[Data entries]
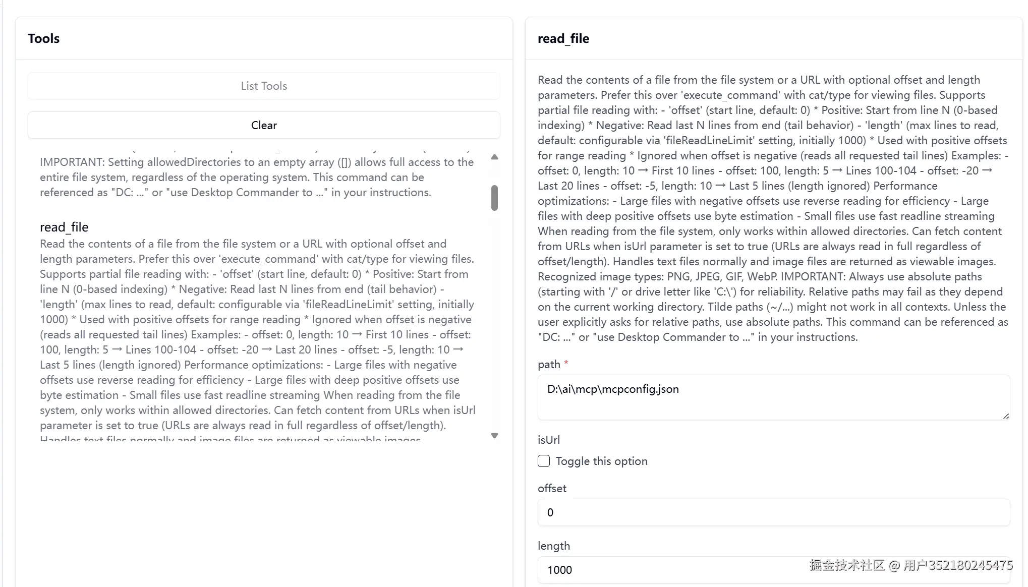 功能:读取具体的文件内容。 示例:读取D:imcpmcpconfig.json 文件的内容。
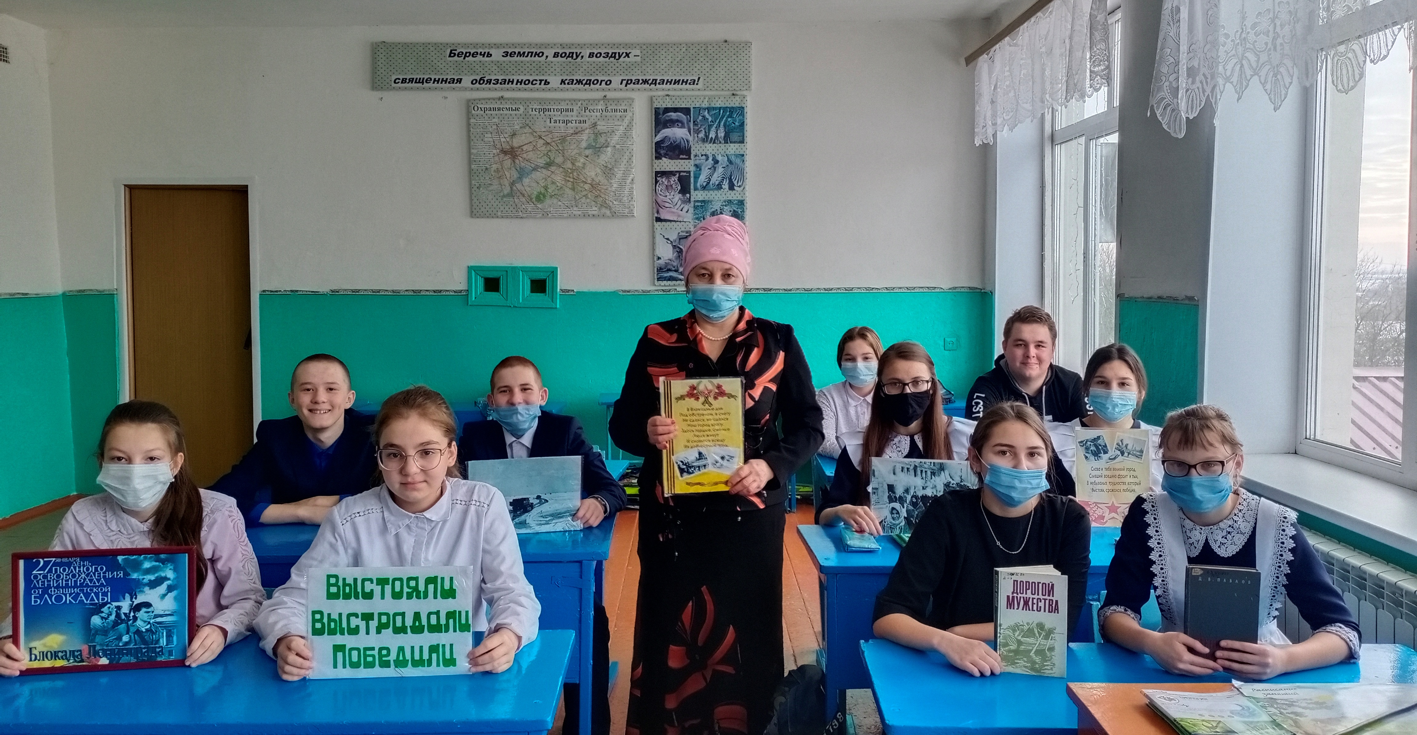 Библиотекарь Большеатрясской поселенческой библиотеки Хайруллина Зубарзят для учащихся старших классов Алабердинской СОШ провела час мужества «Ты выстоял, мой Ленинград!», посвященный Дню снятия блокады Ленинграда. Она рассказала ребятам о норме хлеба, хлебных карточках. В течение мероприятия звучали стихи о войне, о блокаде. Также ребята узнали о трагедии Холокоста, о преднамеренной попытке фашистами полного истребления целой нации.
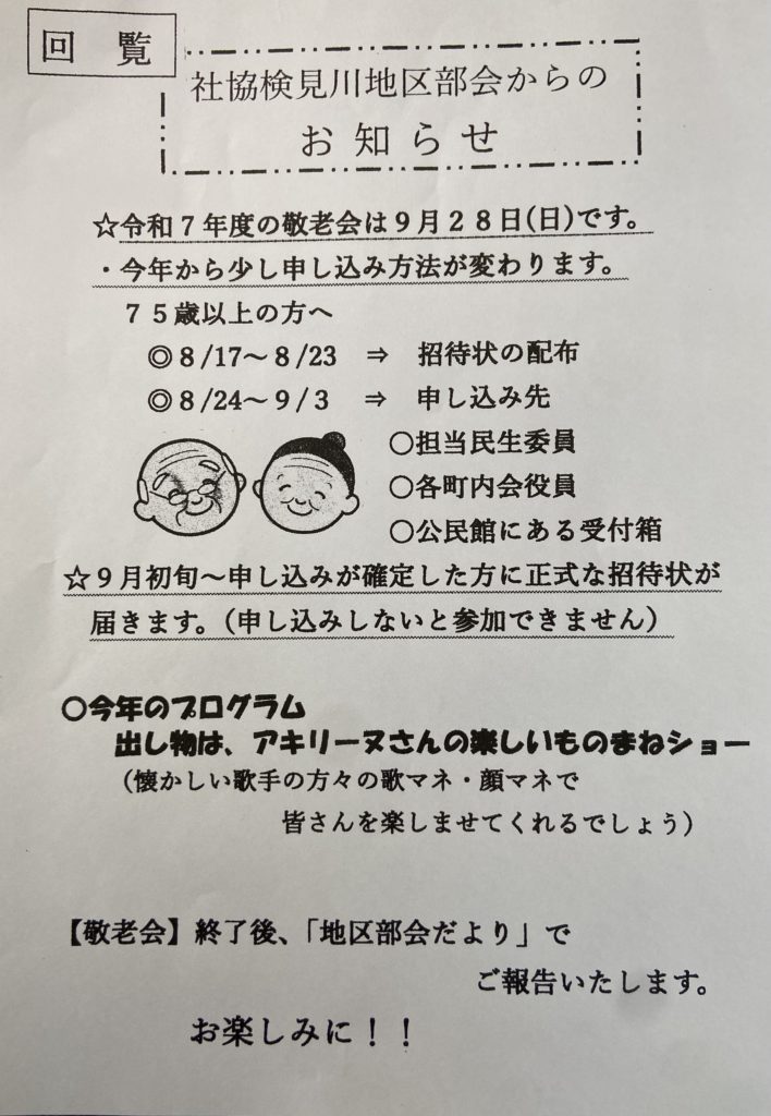 1丁目町内会 お知らせ
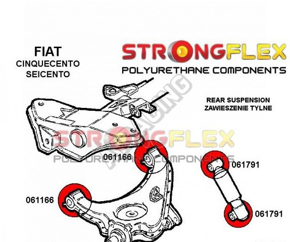 Fiat Seicento 1998-08 StrongFlex (tvrdost 80ShA) kompletní sestava silentbloků na celé auto obsahuje :
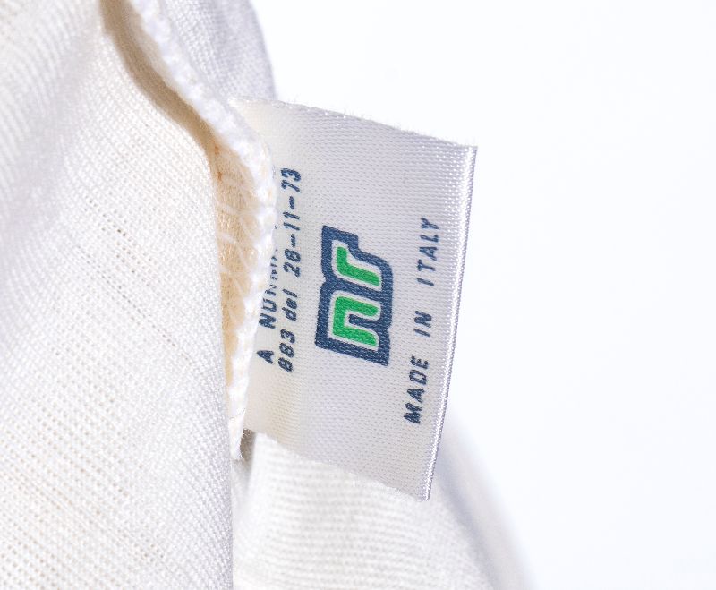 Maglia COSMOS da gara, bianca, a maniche corte, ENNEERRE acrilico. Colletto blu profilato giallo. Etichetta interna "A norma legge 883 del 26-11-73 NR Made in Italy"
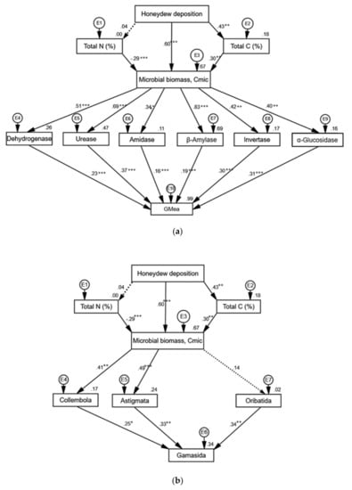 The SEM for the soil meso-fauna abundance had a better fit to the data (χ2 = 87.3, df(36–19) = 17, p < 0.001, RMSEA = 0.00, CFI = 1, AIC = 72.0). The honeydew deposition increased the Cmic, which increased the abundance of the Collembola and Astigmata, but no significant effect was found for Oribatida mites (Figure 8b). The abundance of Gamasida was positively correlated with the abundance of their prey—Collembola, Astigmata and Oribatida.
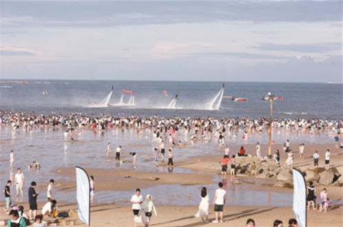 7月1日下午,石狮十里黄金海岸红塔湾旅游区正式开业。据悉,2022年11月,十里黄金海岸红塔湾旅游区项目正式生成。该项目系我市首个由国企出资、政府扶持,委托专业团队运营的文旅项目。项目一期以红塔湾为中心,延伸至军事公园、三旦岛区域,规划“海上运动项目”“商业综合运营”“营地运营项目”等三大板块内容,建设无边泳池、野奢营地等网红打卡地,整体打造集海洋运动、海岸休闲、海洋文化于一体的滨海旅游运动基地。(记者李荣鑫) |
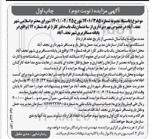 موضوع: در خصوص بهره برداری از ساختمان یکباب دفتر کار (غرفه شماره 14) واقع در پایانه مسافربری شهر نجف آباد
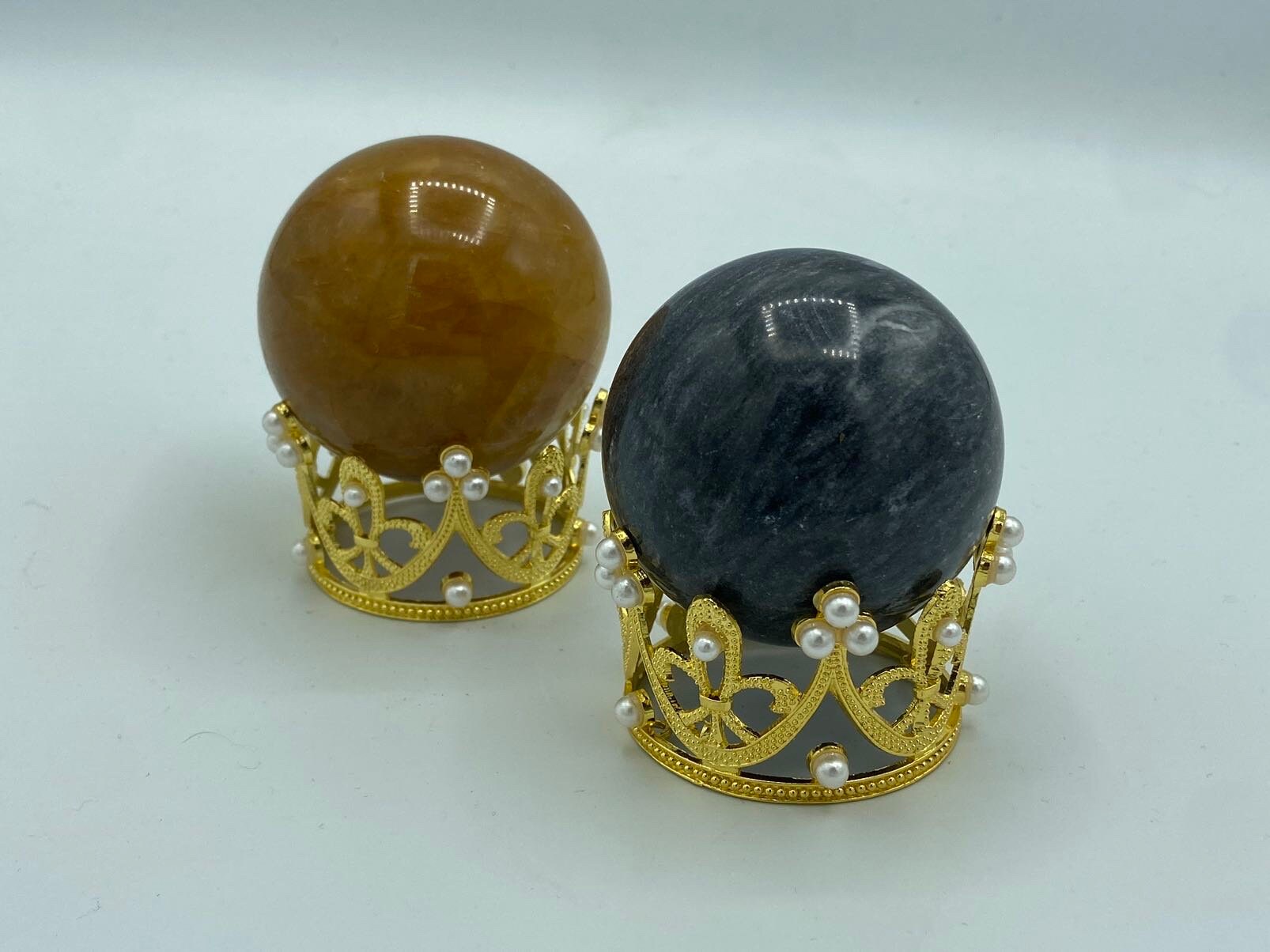 Large Crown Sphere Stand, gold sphere stand, pearl crown.
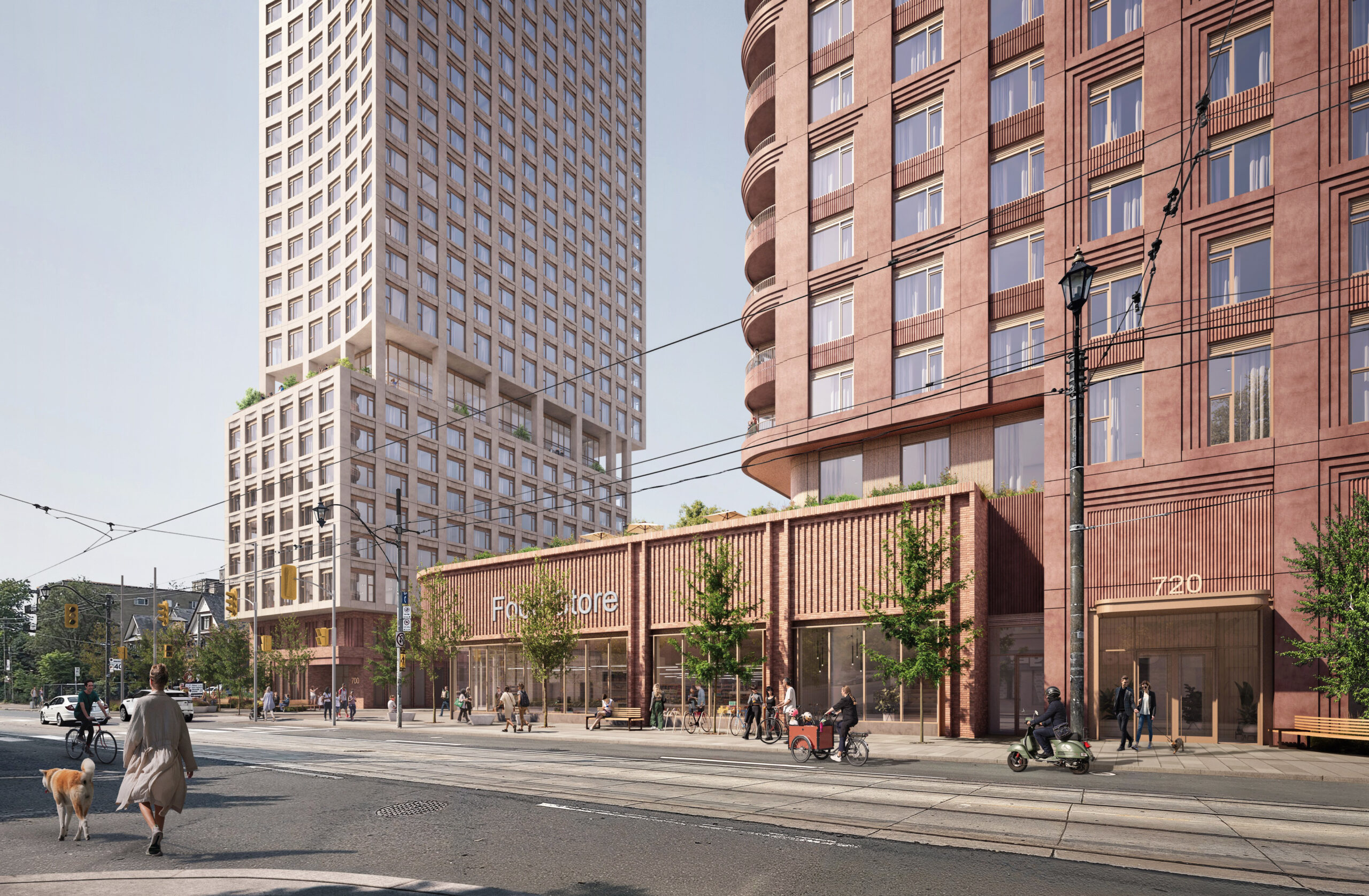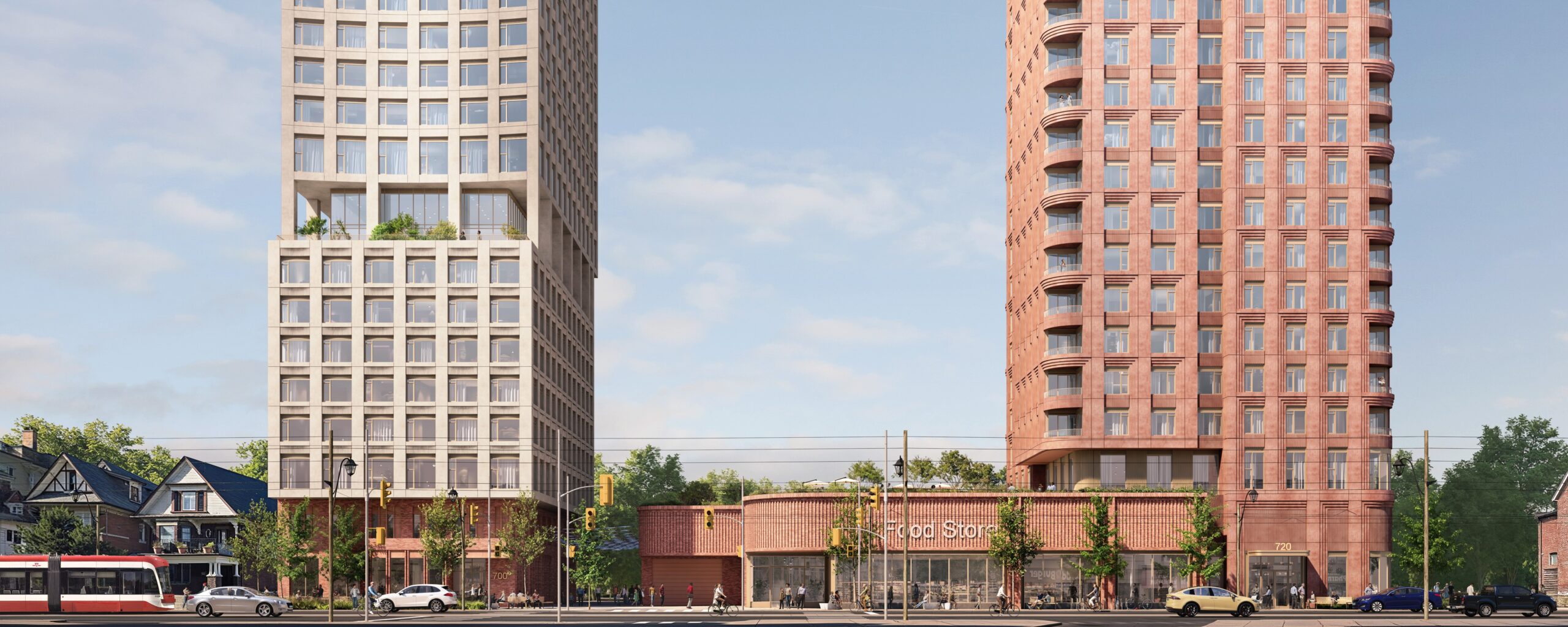 720 Broadview will be transformed with two new buildings at 39 and 42-storeys, introducing 857 new residential rental units, a refreshed grocery store, and an enhanced open space and streetscape only steps away from Broadview Station.
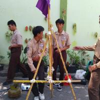 Kegiatan dimulai dari menyiapkan bahan pionering yaitu tongkat dan tali. Peserta dilatih menggunakan teknik demonstrasi pembuatan kaki tiga sebagai dasar pembuatan gapura tanpa pasak. Melatih membuat ikatan palang dan ikatan silang.
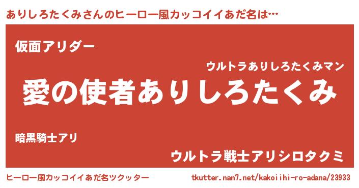 | 女子向けラノベタイトル風あだ名 | 『ありしろたくみ恋絵巻』 |
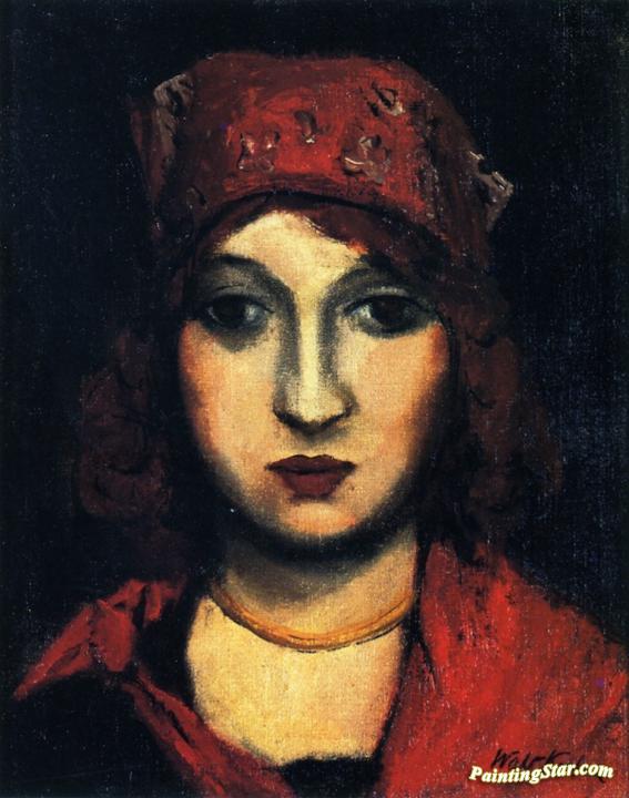 Portrait Of A Woman With A Red Kerchief, Art Painting by Walt Kuhn

*TO DO*: Transcribe, word for word, the stretch of lines in the data above from the one with "Fiat Seicento 1998-08" through the one with "Maglia COSMOS da"; omit all pictures.

*ANSWER*:
 Fiat Seicento 1998-08 StrongFlex (tvrdost 80ShA) kompletní sestava silentbloků na celé auto obsahuje :
 Maglia COSMOS da gara, bianca, a maniche corte, ENNEERRE acrilico. Colletto blu profilato giallo. Etichetta interna "A norma legge 883 del 26-11-73 NR Made in Italy"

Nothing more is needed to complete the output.